(Items listed in a dataset)

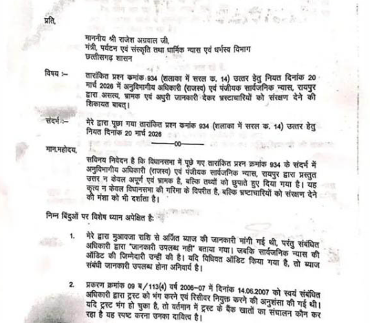साहू का आरोप है कि विधानसभा में इस ट्रस्ट से जुड़े सवाल पर जो जवाब दिया गया, वो अधूरा और भ्रामक था। यानी मामला सिर्फ गड़बड़ी का नहीं, बल्कि जानकारी छिपाने तक पहुंच गया है।
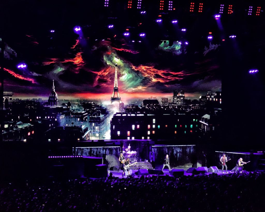 Et puis les images changent et nous voilà à Paris, avec ses monuments : la Tour Eiffel, Notre-Dame de Paris, le Panthéon, l’Arc de Triomphe projetés sur les écrans et les Iron Maiden qui débarquent sur scène pour jouer en enfilades trois morceaux frénétiques et rares en live extraits de l’album Killers sorti en 1981: Murders in the Rue Morgue, Wrathchild et Killers.
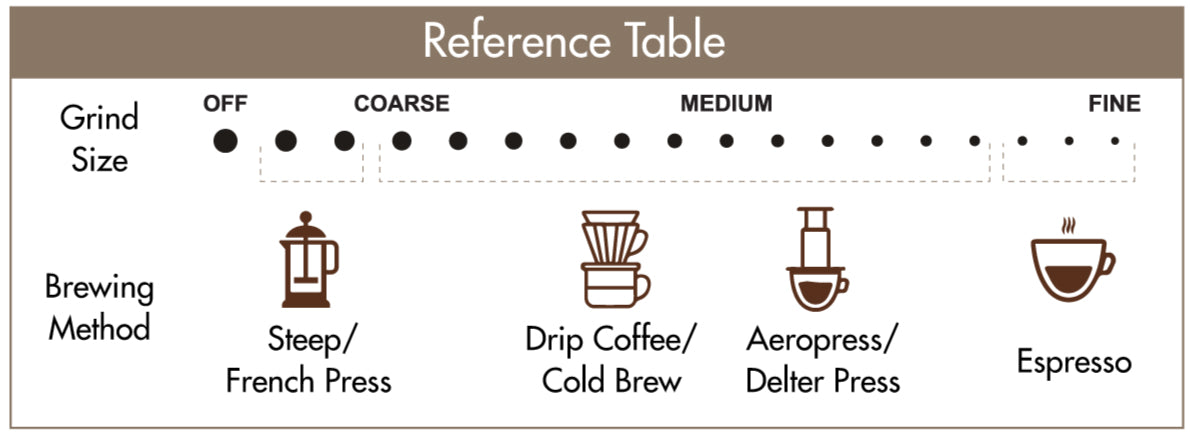 Select the desired grinding size by turning the grinding setting from 1(fine) to 17(coarse)
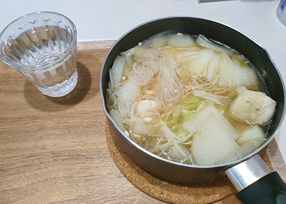 今日(3日)はもらった白菜使って家で鍋にしました。
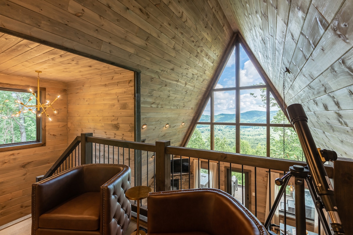 Cabane perchée dans les monts Great Smoky, vue, jacuzzi en cèdre
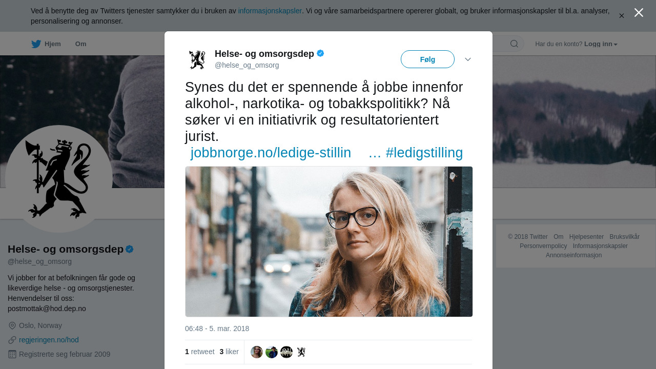 Stillingstittel: Jurist, rådgjevar/seniorrådgjevar i folkehelseavdelinga - engasjement i 12 mnd. med høve til lenging (149091), Arbeidsgiver: Helse- og omsorgsdepartementet, Søknadsfrist: 18. mars 2018

Exercise prompt -
Retype the data above exactly; pictures are not part of the copy.

The answer -
साहू का आरोप है कि विधानसभा में इस ट्रस्ट से जुड़े सवाल पर जो जवाब दिया गया, वो अधूरा और भ्रामक था। यानी मामला सिर्फ गड़बड़ी का नहीं, बल्कि जानकारी छिपाने तक पहुंच गया है।
 Et puis les images changent et nous voilà à Paris, avec ses monuments : la Tour Eiffel, Notre-Dame de Paris, le Panthéon, l’Arc de Triomphe projetés sur les écrans et les Iron Maiden qui débarquent sur scène pour jouer en enfilades trois morceaux frénétiques et rares en live extraits de l’album Killers sorti en 1981: Murders in the Rue Morgue, Wrathchild et Killers.
 Select the desired grinding size by turning the grinding setting from 1(fine) to 17(coarse)
 今日(3日)はもらった白菜使って家で鍋にしました。
 Cabane perchée dans les monts Great Smoky, vue, jacuzzi en cèdre
 Stillingstittel: Jurist, rådgjevar/seniorrådgjevar i folkehelseavdelinga - engasjement i 12 mnd. med høve til lenging (149091), Arbeidsgiver: Helse- og omsorgsdepartementet, Søknadsfrist: 18. mars 2018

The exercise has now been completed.